### PROBLEM TO WORK ON
Look through the data below and output, unchanged, every line from the one holding "View from Colman" through the one holding "这汪不是卖的哟,好乖,在等主人称海鲜,一动不动,太可爱了。", inclusive. Skip the pictures.

═════ DATA FOR ANALYSIS

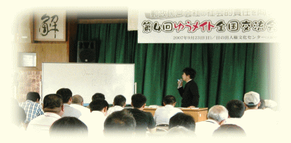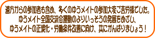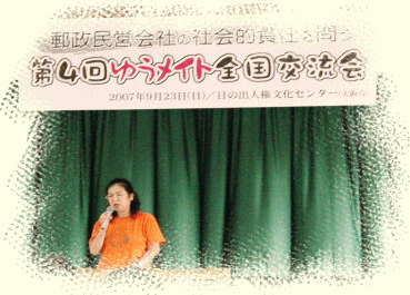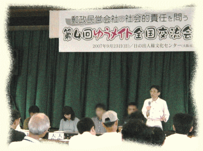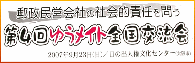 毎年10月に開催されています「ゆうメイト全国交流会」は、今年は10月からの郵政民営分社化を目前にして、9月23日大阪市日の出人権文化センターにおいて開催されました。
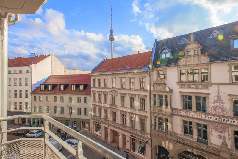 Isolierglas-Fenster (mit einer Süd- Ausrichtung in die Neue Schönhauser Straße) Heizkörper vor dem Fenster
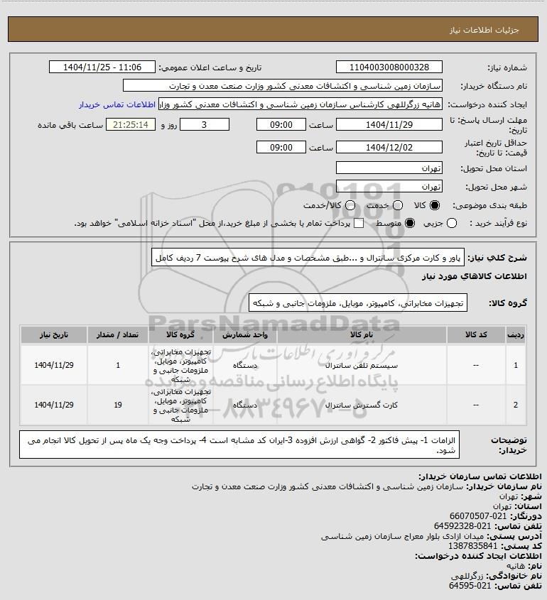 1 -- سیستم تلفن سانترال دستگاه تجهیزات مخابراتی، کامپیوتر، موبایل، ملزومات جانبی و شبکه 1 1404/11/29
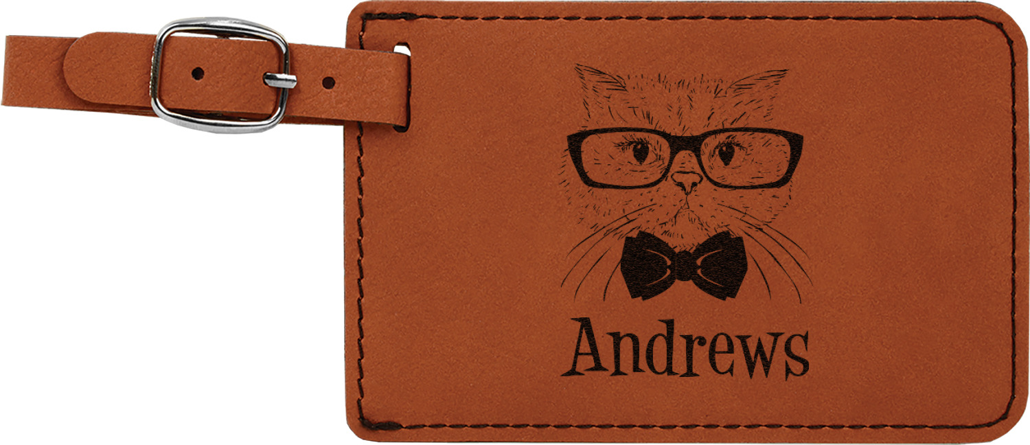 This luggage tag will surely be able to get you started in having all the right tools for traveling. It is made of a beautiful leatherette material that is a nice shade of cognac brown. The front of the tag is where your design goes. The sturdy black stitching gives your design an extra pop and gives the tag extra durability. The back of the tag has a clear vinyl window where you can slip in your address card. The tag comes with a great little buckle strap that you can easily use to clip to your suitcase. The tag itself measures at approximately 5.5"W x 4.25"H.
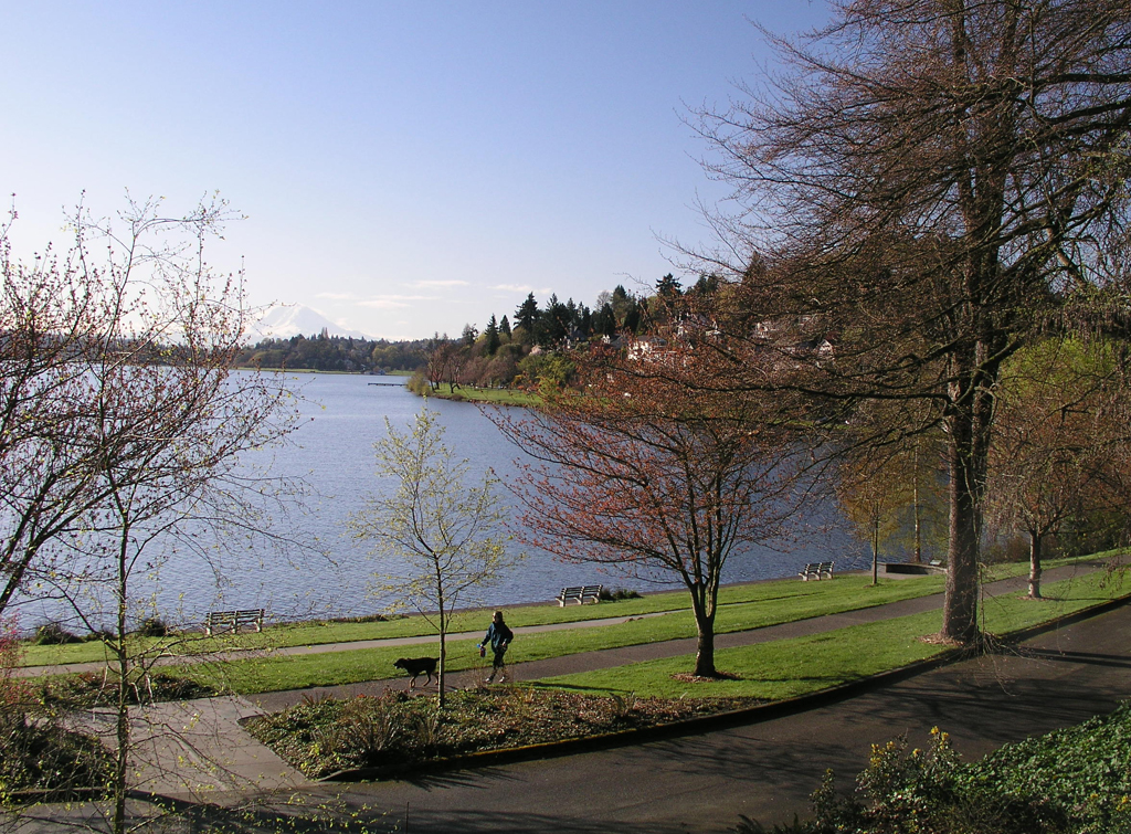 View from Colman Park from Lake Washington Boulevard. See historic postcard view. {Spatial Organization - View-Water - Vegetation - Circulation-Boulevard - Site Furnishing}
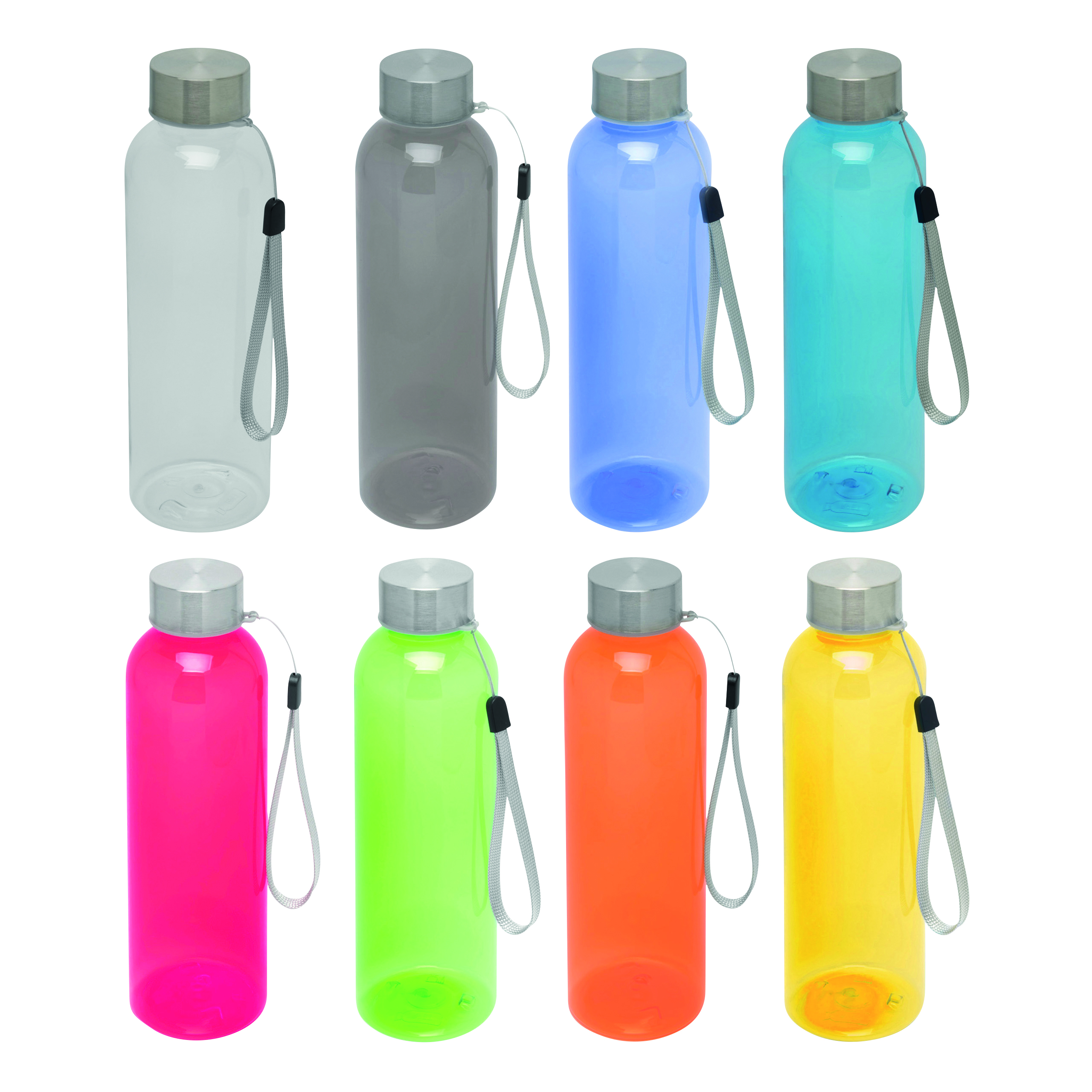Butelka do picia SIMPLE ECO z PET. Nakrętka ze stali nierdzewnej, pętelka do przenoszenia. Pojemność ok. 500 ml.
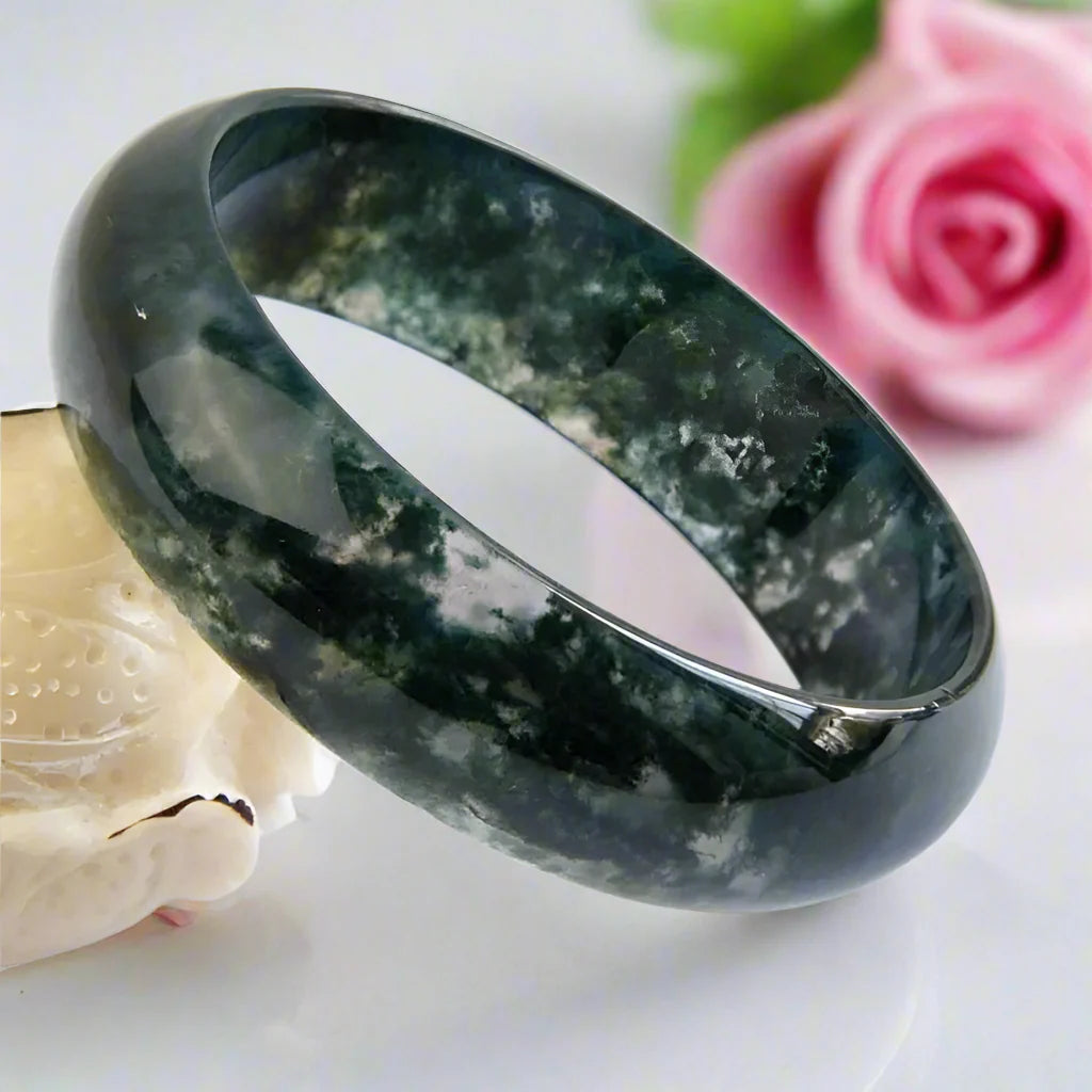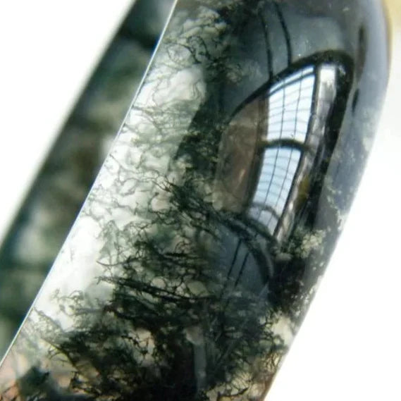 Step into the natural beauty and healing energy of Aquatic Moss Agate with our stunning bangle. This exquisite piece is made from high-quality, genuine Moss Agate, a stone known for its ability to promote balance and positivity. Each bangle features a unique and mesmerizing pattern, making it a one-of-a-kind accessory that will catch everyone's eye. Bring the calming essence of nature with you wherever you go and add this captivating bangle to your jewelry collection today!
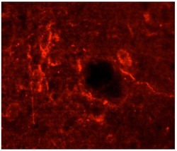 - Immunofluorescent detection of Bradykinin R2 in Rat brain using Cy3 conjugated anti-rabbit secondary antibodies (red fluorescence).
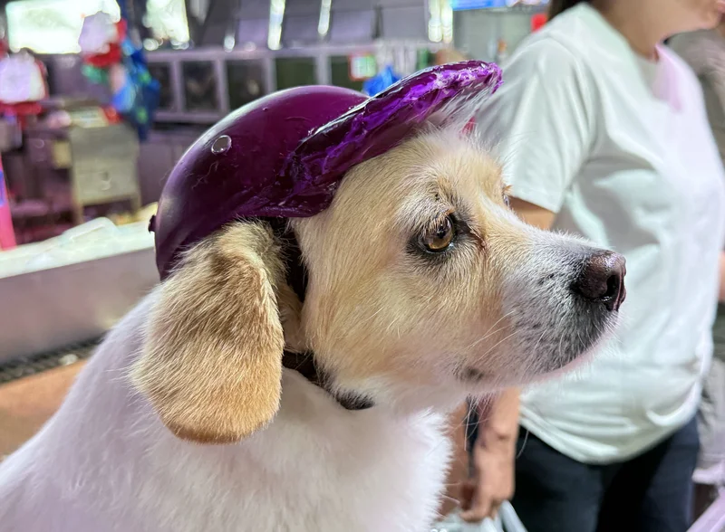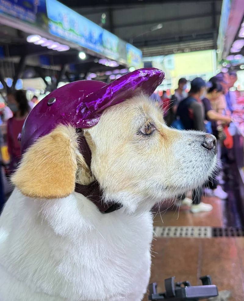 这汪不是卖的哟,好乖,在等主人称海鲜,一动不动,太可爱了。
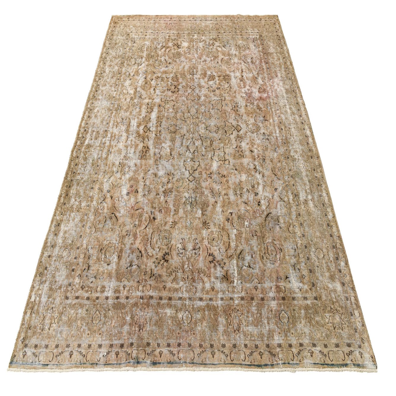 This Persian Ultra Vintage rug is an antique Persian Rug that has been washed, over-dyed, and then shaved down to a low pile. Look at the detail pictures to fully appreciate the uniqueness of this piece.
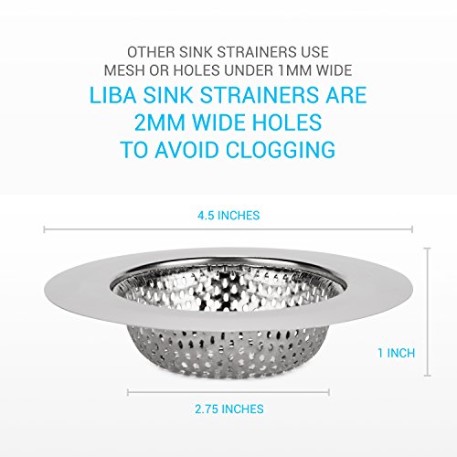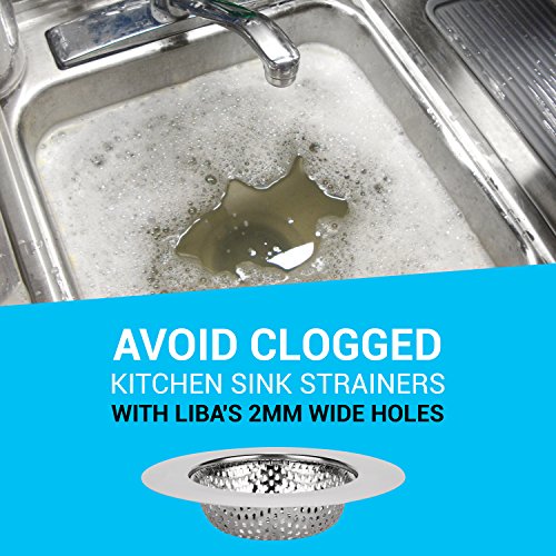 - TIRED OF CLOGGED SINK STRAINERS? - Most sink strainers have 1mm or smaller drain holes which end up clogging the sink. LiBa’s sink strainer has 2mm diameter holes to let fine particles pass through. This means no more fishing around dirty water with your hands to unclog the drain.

══════════

### OUTPUT OF THE TASK
 View from Colman Park from Lake Washington Boulevard. See historic postcard view. {Spatial Organization - View-Water - Vegetation - Circulation-Boulevard - Site Furnishing}
Butelka do picia SIMPLE ECO z PET. Nakrętka ze stali nierdzewnej, pętelka do przenoszenia. Pojemność ok. 500 ml.
 Step into the natural beauty and healing energy of Aquatic Moss Agate with our stunning bangle. This exquisite piece is made from high-quality, genuine Moss Agate, a stone known for its ability to promote balance and positivity. Each bangle features a unique and mesmerizing pattern, making it a one-of-a-kind accessory that will catch everyone's eye. Bring the calming essence of nature with you wherever you go and add this captivating bangle to your jewelry collection today!
 - Immunofluorescent detection of Bradykinin R2 in Rat brain using Cy3 conjugated anti-rabbit secondary antibodies (red fluorescence).
 这汪不是卖的哟,好乖,在等主人称海鲜,一动不动,太可爱了。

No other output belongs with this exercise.